GLEE/docs/tutorials/training.md

# Training

From the previous tutorials, you may now have a custom model and a data loader.
To run training, users typically have a preference in one of the following two styles:

### Custom Training Loop

With a model and a data loader ready, everything else needed to write a training loop can
be found in PyTorch, and you are free to write the training loop yourself.
This style allows researchers to manage the entire training logic more clearly and have full control.
One such example is provided in [tools/plain_train_net.py](../../tools/plain_train_net.py).

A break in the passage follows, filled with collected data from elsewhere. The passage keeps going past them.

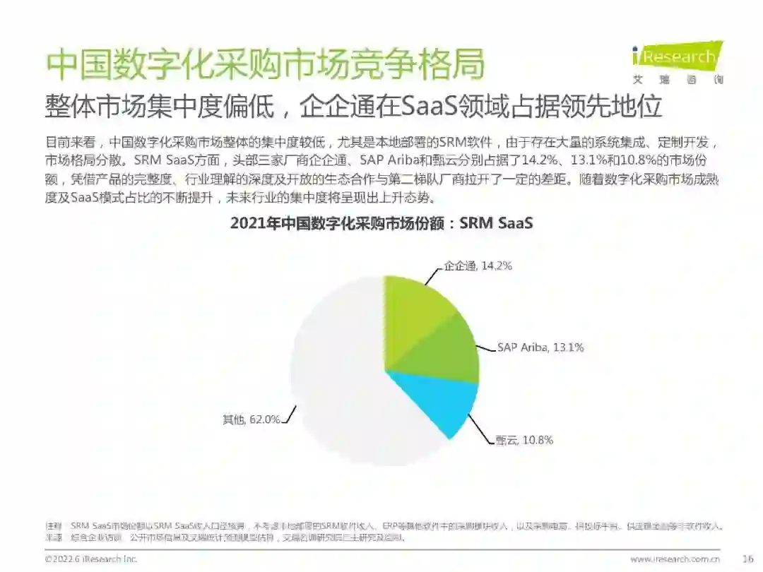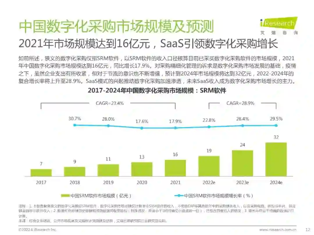 以SRM软件的收入口径核算目前已采买数字化采购软件的市场规模,2021年中国数字化采购市场规模达到16亿元,同比增长17.9%。考虑企业节流意识的不断增强,预计到2024年市场规模将达到32亿元,其中SaaS收入将成为市场增长的主要动力。
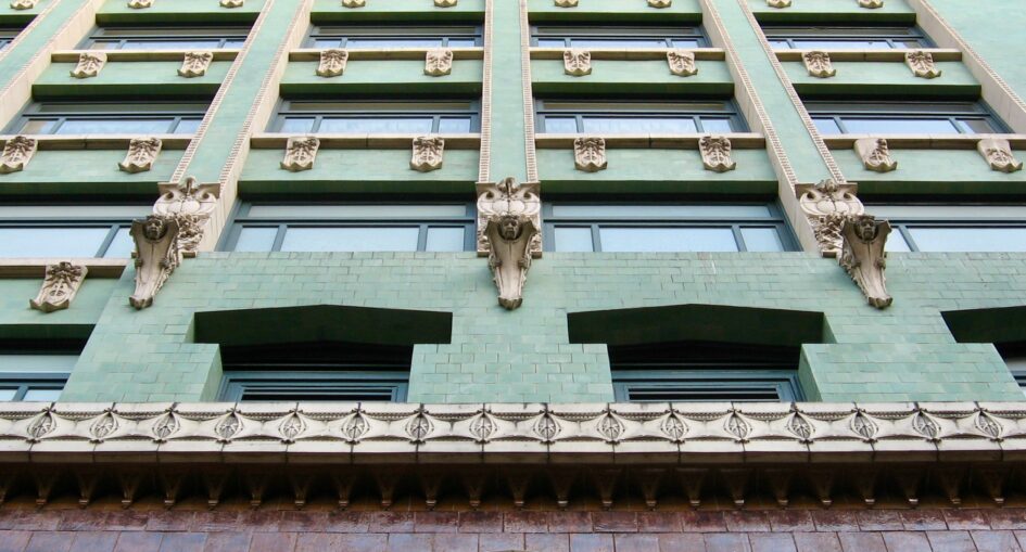 Dotted all around this green terra cotta façade are male figures that could be either friend or foe. Are they benevolently guarding the building, like sentries, or are they menacing, like gargoyles? His expression is calm, but to me the devilish beard and the chopping-block pose look like a warning to other would-be criminals. Now called the Pacific Building, it was built in 1907 as the Pacific Union Building and designed by Charles Whittlesey. Whittlesey initially worked under Louis Sullivan in Chicago — I can see that influence.
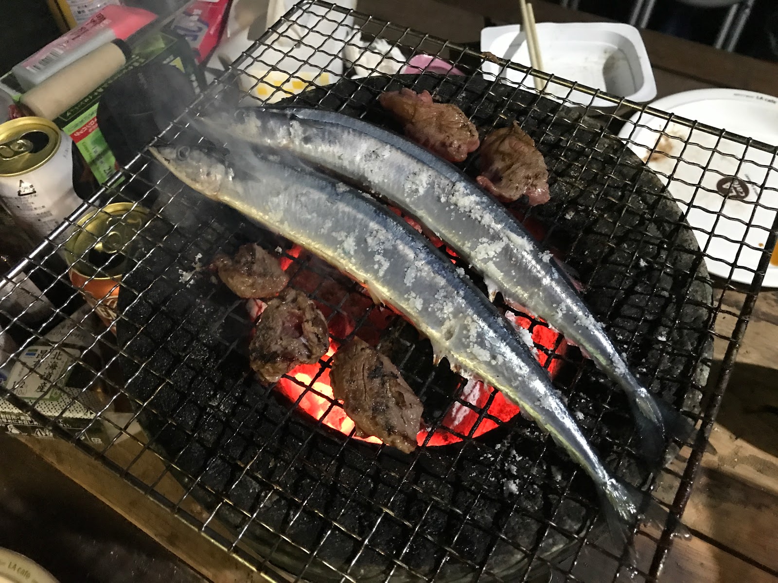 日の落ちる前にさとうみファームに到着。持参したお肉とみうらで買った生サンマなど焼きつつ盟友と語りました。
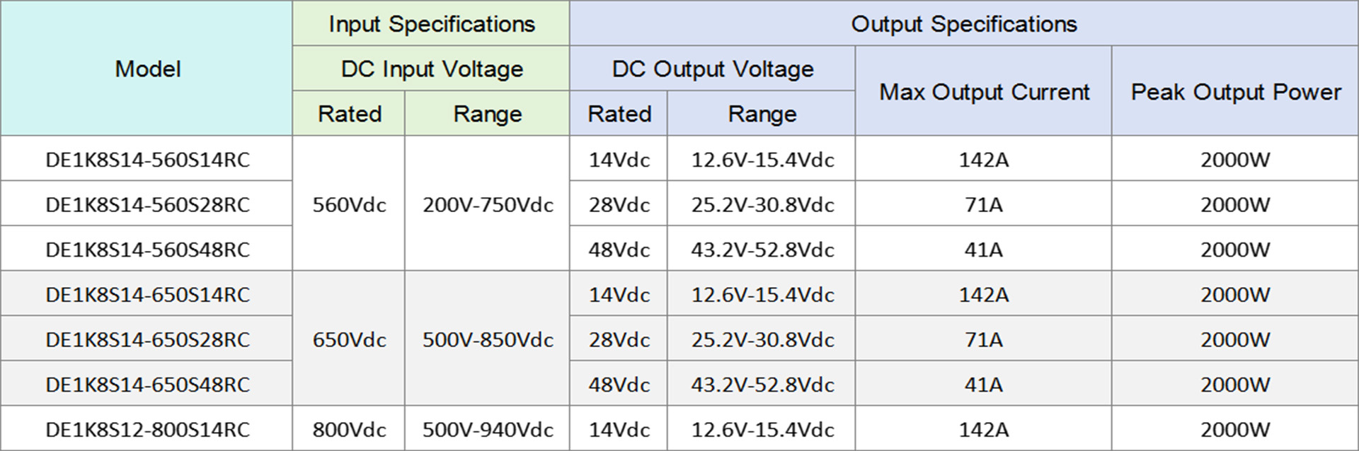 Dilong DE1K8S14 series 2kW open frame DC-DC converter module is a high-power, small-volume power converter specially designed for pure electric vehicles. The converter has wide input voltage range and of 200Vdc to 750Vdc, solving the problem of choosing multiple DC converters for different vehicle type, avoiding repeated design and achieving the purpose of generalization and modularization; It adopts digital processing technology, with CAN communication, able to report data to CAN bus and accept power on command of CAN bus at the same time, monitoring the working status of DCDC converter in real time.
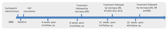For treatment pigs (#3–#13), the cyclosporine dose was increased to 20 mg/kg/day to increase the rate of tumor progression. Procedures followed to generate the tumor model were similar to those described above, with the number of cells and cyclosporine dose summarized in Table 1. All treatment animals were imaged at baseline and followed up every four weeks (Figure 2) using a 1.5T MR clinical scanner (Avanto, Siemens Healthcare, Malvern, PA, USA) with a body array and spine array coil simultaneously (Siemens, Malvern, PA, USA).

Any customization on the training logic is then easily controlled by the user.

### Trainer Abstraction

We also provide a standardized "trainer" abstraction with a
hook system that helps simplify the standard training behavior.
It includes the following two instantiations:

* [SimpleTrainer](../modules/engine.html#detectron2.engine.SimpleTrainer)
  provides a minimal training loop for single-cost single-optimizer single-data-source training, with nothing else.
  Other tasks (checkpointing, logging, etc) can be implemented using
  [the hook system](../modules/engine.html#detectron2.engine.HookBase).
* [DefaultTrainer](../modules/engine.html#detectron2.engine.defaults.DefaultTrainer) is a `SimpleTrainer` initialized from a
  yacs config, used by
  [tools/train_net.py](../../tools/train_net.py) and many scripts.
  It includes more standard default behaviors that one might want to opt in,
  including default configurations for optimizer, learning rate schedule,
  logging, evaluation, checkpointing etc.

To customize a `DefaultTrainer`:

1. For simple customizations (e.g. change optimizer, evaluator, LR scheduler, data loader, etc.), overwrite [its methods](../modules/engine.html#detectron2.engine.defaults.DefaultTrainer) in a subclass, just like [tools/train_net.py](../../tools/train_net.py).
2. For extra tasks during training, check the
   [hook system](../modules/engine.html#detectron2.engine.HookBase) to see if it's supported.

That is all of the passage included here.